Мы очень устали после долгой поездки. Мы прекратили разговор, легли рядом и уснули.
Меня разбудила мама, она шептала мне на ухо:
– Проснись. Не двигайся. Только смотри.
Я лежал на левом боку; она была у меня за спиной, ее голова была у моего плеча, рукой она обнимала меня и вдруг крепко сжала. Я открыл глаза и услышал новый звук – громкое сопение и чавканье. Хайя! Меньше чем в двадцати шагах от нас огромный настоящий медведь5 ел мясо, которое мы принесли после разделки добытого мною бизона, ел жадно, кусок за куском. Внезапно он поднял голову и зарычал – к нему приближался еще один медведь, огромный, размером с бизониху. Он шел спокойно, раскачиваясь тяжелой тушей, длинная шерсть тряслась при каждом шаге, Я чувствовал, как бьется мамино сердце – все быстрее, быстрее и быстрее. Мое сердце, казалось, хочет выскочить через горло. Я очень испугался, потому что эти животные были очень опасными и нападали на человека, едва его завидев, и при этом были такими живучими, что еще долго продолжали драться, даже получив рану, которая сразу валила бизона или оленя. Я знал также, что единственным для нас шансом на спасение было не вскочить и бежать а оставаться на месте и не двигаться. Это было тяжело, очень тяжело – ведь наши тела так и хотели вскочить и скрыться.

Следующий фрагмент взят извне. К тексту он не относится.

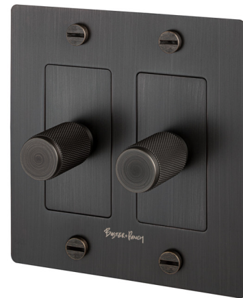
Shown in smoked bronze

The Buster + Punch Complete Dimmer Switch is made from solid metal with a diamond cut knurled knob available in White, Black, Steel, Smoked Bronze, or Brass. Dims halogen (10-600 watt) incandescent, and most LED (5-150 watt) loads. The Complete Dimmer includes push On/Off rotary dimmer module compatible with 3-way switching, wall plate, and detail kit. Note: Dimmable with leading edge (TRIAC) dimmers. Does not dim with MLV or 0-10V dimmers. See attached manufacturer spec for more information. Disclaimer: Only one dimmer should be used per 3-way circuit; 2 Gang Dimmers should not share a 3-way circuit. Learn more about Buster + Punch Electricity Collection here.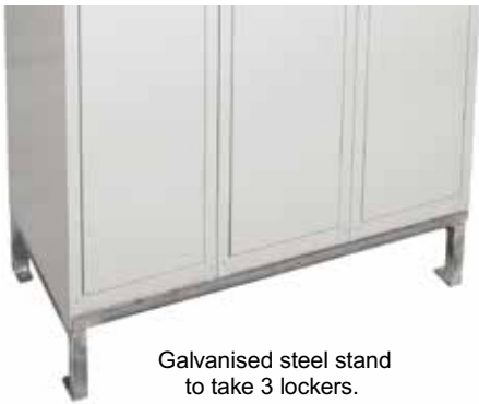
Galvanised steel stand to take 3 lockers.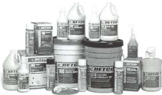
Complete Chemical Programs, Cleaners, Floor Care and specialties.

Betco is now the only manufacturer with a complete line of products for the cleaning professional.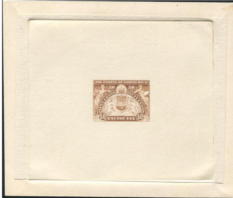
a. yellow brown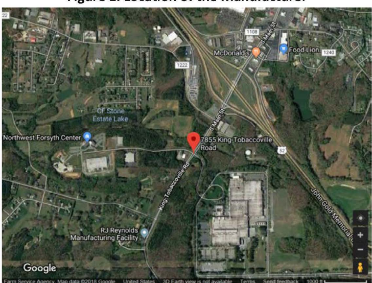
Figure 1. Location of the Manufacturer

The new products would be manufactured at the address listed in section 1 of this document (Figure 1).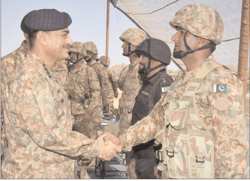
RAWALPINDI: Chief of Army Staff, General Syed Asim Munir shaking hands with a jawan during his visit to field exercise in training area near Rahim Yar Khan.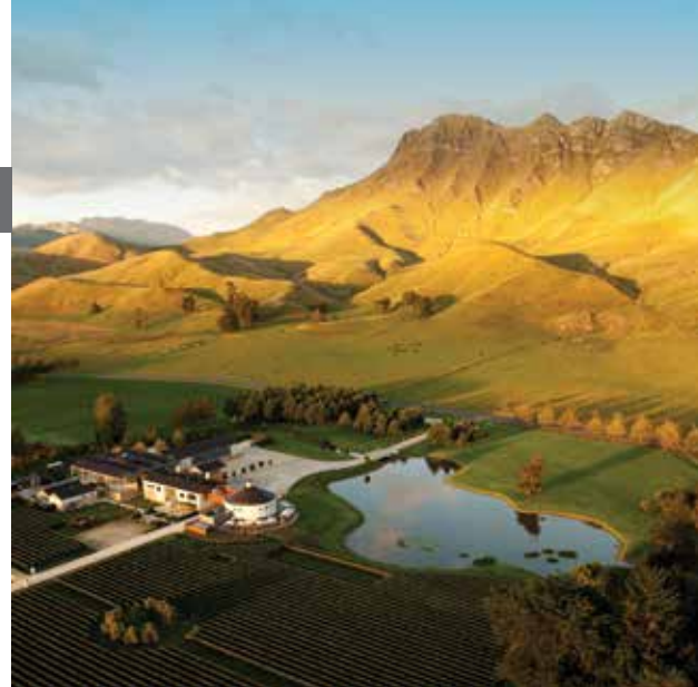
C R A G G Y R A N G E W I N E R Y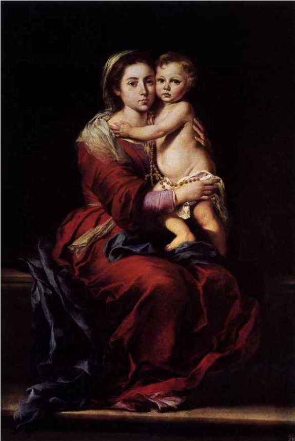
— Virgin and Child with a Rosary (c.1650) by Bartolomé Esteban Murillo (1617-1682), Museo del Prado, Madrid.

The feast of the Holy Rosary was instituted by Pope Pius V to celebrate the anniversary of the defeat of the Turkish fleet at the battle of Lepanto on the first Sunday in October 1571, which ended the threat of Muslim domination of the Mediterranean and was ascribed in part to the prayers and processions of the Rosary confraternity in Rome. Later the feast was moved to the fixed date of 7 October.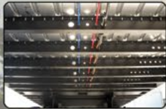
Wax Coated Floor Sills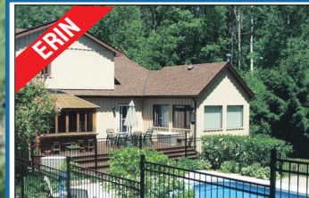
ERIN 2.3 ACRES NATURAL AND FORESTED - ERIN $685,000 Truly a wonderful location on a quiet Cul-De-Sac. Beautiful inground pool, hot tub in gazebo, total privacy in a quiet mature country neighbourhood. Beautifully maintained and updated. Bonnie Sturgeon*, Sales Rep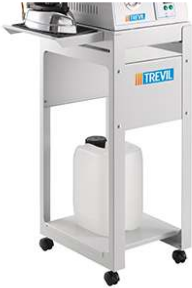
Refill tank included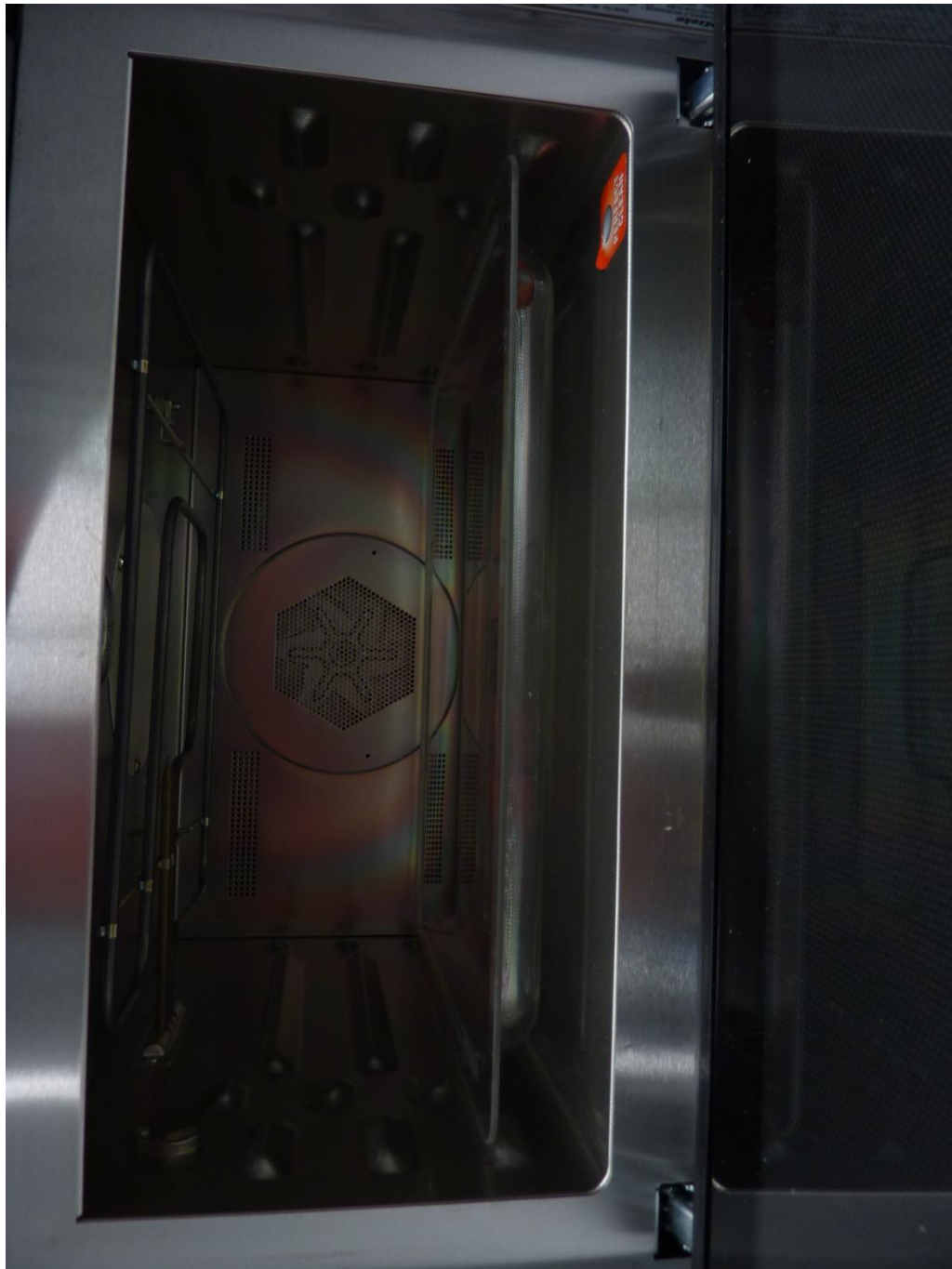
144218_7.JPG: H6700BM, cooking chamber (door opened)

Первый медведь внезапно издал громоподобный рев и сделал короткий прыжок в сторону другого, но тот, не рыча, продолжал так же двигаться, и первый вернулся к мясу, схватил зубами большой кусок и с ним убежал. Высоко подняв голову, обнюхивая воздух своим подвижным мокрым черным носом, второй медведь подошел к оставшемуся мясу, быстро доел его и, видя что ничего больше не осталось, пошел в ту же сторону, что и первый и скрылся с наших глаз. Оба пошли вниз от рощи. Мы вскочили на ноги, и мама сказала, что они могут вернуться, поэтому нам нужно уйти. Мы побежали в другую сторону, выбежали из рощи и добежали до края долины. Оглянувшись, мы увидели, как более крупный медведь пирует над убитым мною бизоном, а другой, тот что меньше, сидит рядом и ждет своей очереди. Большой не считал, что другому должно что-то достаться. Наевшись до отвала, он растянулся рядом с остатками туши, чтобы стеречь ее. Тогда тот, что меньше, развернулся и ушел обратно в рощу.
День почти закончился. Мы с нетерпением ждали прихода отца и разговаривали о том, как спаслись от медведей. Лошадей мы не привязывали, и они спокойно отдыхали у самой реки, выше рощи, в которой мы укрылись. Я предложил пойти наверх, к отцу, туда, где играл Старик, но мама не согласилась: нельзя его тревожить, сказала она. Солнце уже садилось, когда мы увидели, как он спускается по долине. Мы побежали ему навстречу и рассказали о нашем приключении с медведями.
– Ну что же, вы не пострадали, с вами все хорошо, а мне было послано хорошее видение, пока я спал там, на этом священном месте. Так что сейчас мы приведем лошадей в рощу, нагрузим их и продолжим путь, – сказал он.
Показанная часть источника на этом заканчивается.